If you still can’t find information about that particular entry, give me a shout — I might have some knowledge for you.

Bot traffic

A bot is a piece of software that runs automated scripts over the Internet for different purposes.

There are all kinds of bots. Some have good intentions, like the bots used to check copyrighted content or the ones that index your site for search engines, and others not so much, like the ones scraping your content to clone it.

2016 bot traffic report. Source: Incapsula

In either case, this type of traffic is not useful for your reporting and might be even more damaging than spam both because of the amount and because it’s harder to identify (and therefore to filter it out).

It’s worth mentioning that bots can be blocked from your server to stop them from accessing your site completely, but this usually involves editing sensible files that require high technical knowledge, and as I said before, there are good bots too.

So, unless you’re receiving a direct attack that’s skewing your resources, I recommend you just filter them in Google Analytics.

In which reports can you look for bot traffic?

Bots will usually show as Direct traffic in Google Analytics, so you’ll need to look for patterns in other dimensions to be able to filter it out.
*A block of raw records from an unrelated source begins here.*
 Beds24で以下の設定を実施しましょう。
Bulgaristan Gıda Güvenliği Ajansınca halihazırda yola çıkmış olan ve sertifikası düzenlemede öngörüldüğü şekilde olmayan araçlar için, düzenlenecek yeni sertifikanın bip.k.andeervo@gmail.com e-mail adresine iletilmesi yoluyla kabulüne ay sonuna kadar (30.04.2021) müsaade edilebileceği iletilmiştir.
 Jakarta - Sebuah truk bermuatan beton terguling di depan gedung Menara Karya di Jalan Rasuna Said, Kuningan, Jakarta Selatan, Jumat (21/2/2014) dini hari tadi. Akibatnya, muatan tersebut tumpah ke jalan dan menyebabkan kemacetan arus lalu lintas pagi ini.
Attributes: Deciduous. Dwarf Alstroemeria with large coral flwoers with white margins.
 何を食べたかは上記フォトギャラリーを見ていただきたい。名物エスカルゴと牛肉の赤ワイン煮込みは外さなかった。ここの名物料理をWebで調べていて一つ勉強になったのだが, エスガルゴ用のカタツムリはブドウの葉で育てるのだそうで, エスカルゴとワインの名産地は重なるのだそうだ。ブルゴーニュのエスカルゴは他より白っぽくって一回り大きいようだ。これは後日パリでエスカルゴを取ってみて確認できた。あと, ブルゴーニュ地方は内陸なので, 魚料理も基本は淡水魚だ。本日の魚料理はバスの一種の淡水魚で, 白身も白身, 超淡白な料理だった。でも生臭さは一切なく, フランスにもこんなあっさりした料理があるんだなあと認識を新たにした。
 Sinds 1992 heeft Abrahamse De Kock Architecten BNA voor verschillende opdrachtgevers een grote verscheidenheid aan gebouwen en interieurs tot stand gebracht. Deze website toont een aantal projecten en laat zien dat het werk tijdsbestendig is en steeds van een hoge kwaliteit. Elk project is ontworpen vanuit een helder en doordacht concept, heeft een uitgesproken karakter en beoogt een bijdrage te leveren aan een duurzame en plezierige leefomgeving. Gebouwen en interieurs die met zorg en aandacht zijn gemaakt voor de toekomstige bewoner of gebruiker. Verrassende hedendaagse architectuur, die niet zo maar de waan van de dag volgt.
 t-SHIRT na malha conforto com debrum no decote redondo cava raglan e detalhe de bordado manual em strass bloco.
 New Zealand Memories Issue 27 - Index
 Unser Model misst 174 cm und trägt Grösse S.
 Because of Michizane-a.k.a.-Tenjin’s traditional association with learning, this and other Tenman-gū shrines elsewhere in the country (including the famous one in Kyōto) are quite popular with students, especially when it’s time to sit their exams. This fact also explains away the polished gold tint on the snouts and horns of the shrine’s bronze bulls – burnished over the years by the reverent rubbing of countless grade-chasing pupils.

For example, large companies that use bots to navigate the Internet will usually have a unique service provider.

I’ll go into more detail on this below.

Internal traffic

Most users get worried and anxious about spam, which is normal — nobody likes weird URLs showing up in their reports. However, spam isn’t the biggest threat to your Google Analytics.

You are!

The traffic generated by people (and bots) working on the site is often overlooked despite the huge negative impact it has. The main reason it’s so damaging is that in contrast to spam, internal traffic is difficult to identify once it hits your Analytics, and it can easily get mixed in with your real user data.

There are different types of internal traffic and different ways of dealing with it.

Direct internal traffic

Testers, developers, marketing team, support, outsourcing… the list goes on. Any member of the team that visits the company website or blog for any purpose could be contributing.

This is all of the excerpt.